Disrupted Glycosylation of Lipids and Proteins Is a Cause of Neurodegeneration

Tobias Moll; Pamela J. Shaw; Johnathan Cooper-Knock

Disclosures

Brain. 2020;143(5):1332-1340. 

In This Article

Conclusions

Overall there is substantial evidence for dysfunction of glycosyltransferases in neurodegenerative diseases including ALS, Alzheimer's disease, Huntington's disease and Parkinson's disease. There are diverse functions associated with glycosyltransferase activity and for many of the enzymes the biological pathway associated with their activity is not yet clear. However, in our analysis, dysfunction associated with neurodegenerative disease can be seen to converge on the ganglioside synthesis pathway and altered O-GlcNAcylation.

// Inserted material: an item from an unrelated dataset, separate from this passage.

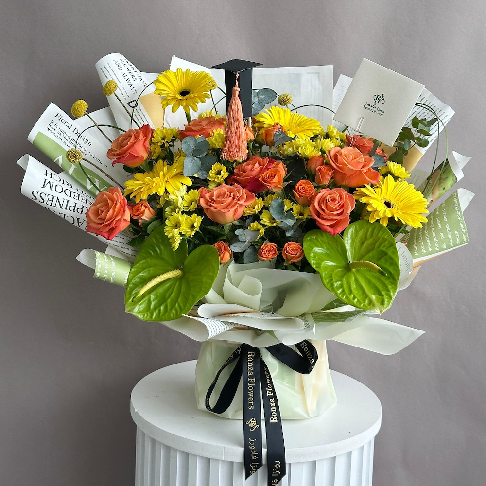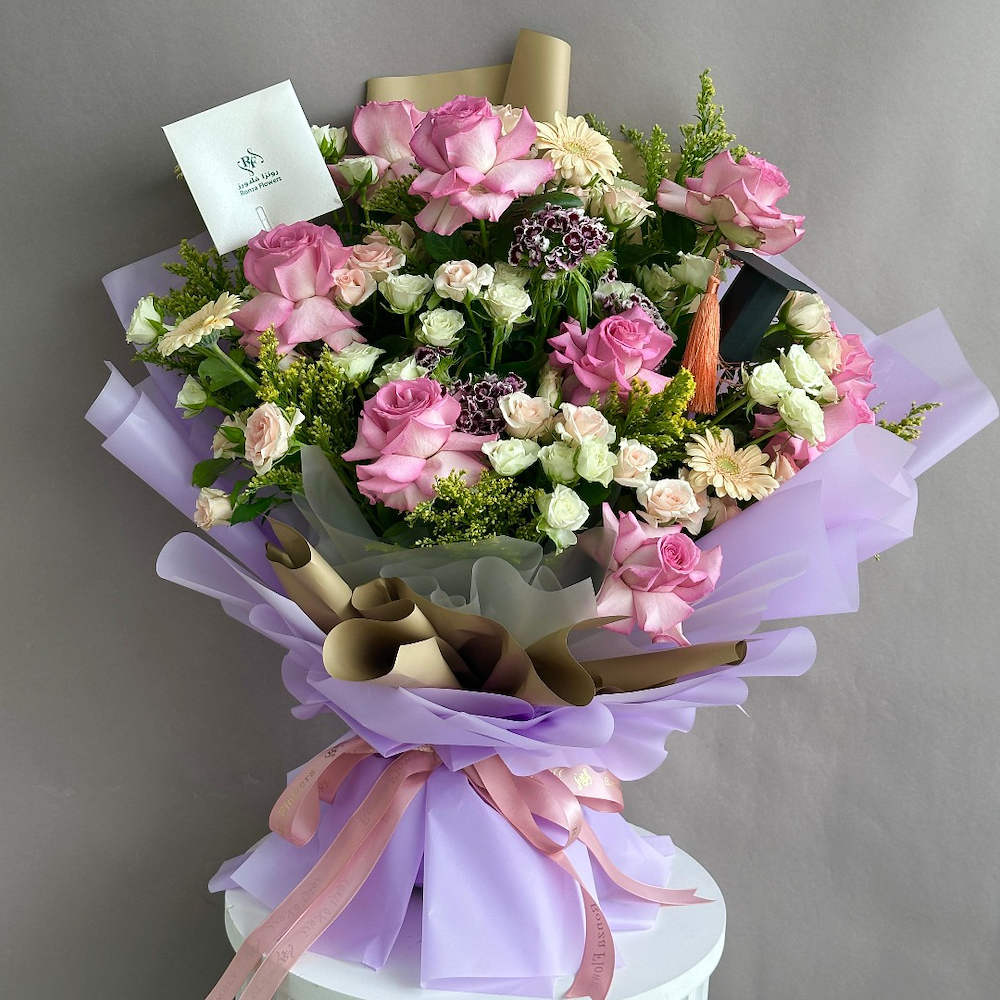 باقة أنيقة تحتوي على 4 أزهار الجيربيرا، 8 جوري، 8 كريز، 2 أنثوريوم، 5 كراسبيديا و 6 ستييل قراس.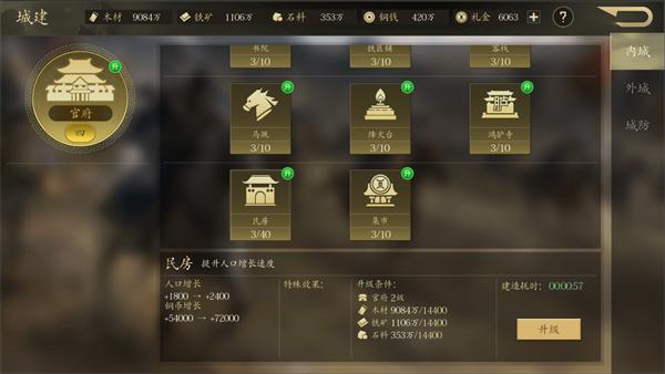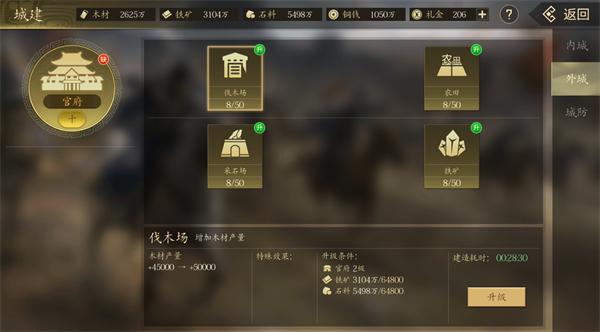 ②升级外城、伐木场、农田、铁矿、采石场:升级这些城建可以提升对应资源的每小时产量

The exact nature of the defect appears to be variable in different diseases; for example ganglioside concentrations are reduced in Parkinson's disease and Huntington's disease, increased in Alzheimer's disease and there is evidence for change in both directions in ALS. Similarly, increased O-GlcNAcylation is associated with the development of Parkinson's disease pathology but reduced O-GlcNAcylation is associated with the development of tau pathology. We suggest that consensus will arise via efforts to position glycosyltransferase dysfunction within the cascade of pathogenesis leading to neuronal death—it is not glycosyltransferase dysfunction per se that is interesting, but rather upstream changes in glycosyltransferase function that initiate toxicity. With this in mind we have highlighted genetic associations between mutations in glycosyltransferases and neurodegenerative disease. Most prominently we have recently discovered autosomal dominant mutations in GLT8D1 to be a monogenic cause of ALS. Disease-associated mutations have also been discovered in UGT8 and ST6GAL1; and we have revealed a new association between ALS and mutations in EOGT. Glycosyltransferases are likely to be an important therapeutic target in the effort of develop disease-modifying therapies for neurodegenerative disease.